Lillia SIGURDARDOTTIR a toujours aimé écrire des nouvelles et des pièces de théâtre. .C’est finalement un hasard si elle est venue au policier, motivée par la publicité d’un éditeur « à la recherche du nouveau Dan BROWN », explique-t-elle. Son premier polar islandais a été écrit en 8 mois, puis il y a eu le krach. Le bouquin a finalement pu être publié. Elle aime raconter des histoires et passionner les gens.

A l’origine de la vocation de Ragnar JONASSON comme écrivain de polar islandais, il y a sa passion pour Agatha Christie (qu’il commence à traduire en islandais à 17 ans). Inspiré par la Reine du Crime, son tout premier polar date de ses 12 ans et se passait à Londres, même s’il lui a fallu encore 20 ans avant de devenir une réalité. D’Agatha Christie, il a notamment repris l’idée de la petite ville (Siglufjördur dans la série Dark Iceland), de la petite communauté finalement assez typique de l’Islande. Nouvelles, poésie, l’auteur de 42 ans a toujours écrit et il est tout bonnement tombé amoureux de la fiction policière.

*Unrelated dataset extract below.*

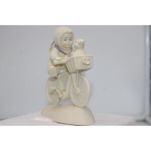 Charming "My First Wheels" Snowbabies figurine from Dept 56's Starlight Games collection. Perfect for collectors and fans of whimsical holiday decor. A delightful addition to any festive display.

Arnaldur  INDRIDASON continue d’écrire pour les lecteurs de polar islandais :

« Des lecteurs exigeants, durs avec leurs auteurs, surtout quand ils sont eux-mêmes policiers ! », plaisante-t-il. « Ils veulent la crédibilité de l’histoire et le réalisme. SJÖWALL et WAHLÖÖ sont ceux qui m’ont influencé. Ils ont inventé ce concept du réalisme social et c’est ce que les Islandais veulent : que les romans témoignent de la réalité sociale qu’ils vivent ». 

La journaliste : Une littérature islandaise qui parle des Islandais, défend la culture islandaise, c’est ce qu’on lit dans vos livres, nous Français. Y a-t-il dans le polar islandais une volonté de défendre la culture islandaise ? :

Erlendur : « Quand j’écris, je ne pense pas énormément à ces questions d’identité en fait. Il me semble juste évident d’enraciner mon personnage d’Erlendur et de le rendre aussi islandais que possible. Le résultat c’est cet inspecteur solitaire, divorcé, qui pense au suicide au moins une fois par jour. Ce n’est pas le cas de l’Islandais moyen, j’espère ! Mais ça a sans doute contribué au succès de la série d’avoir un personnage aussi islandais, typé. L’Islande et ses caractères principaux (été court, hivers longs et froids) nous aident, nous romanciers. »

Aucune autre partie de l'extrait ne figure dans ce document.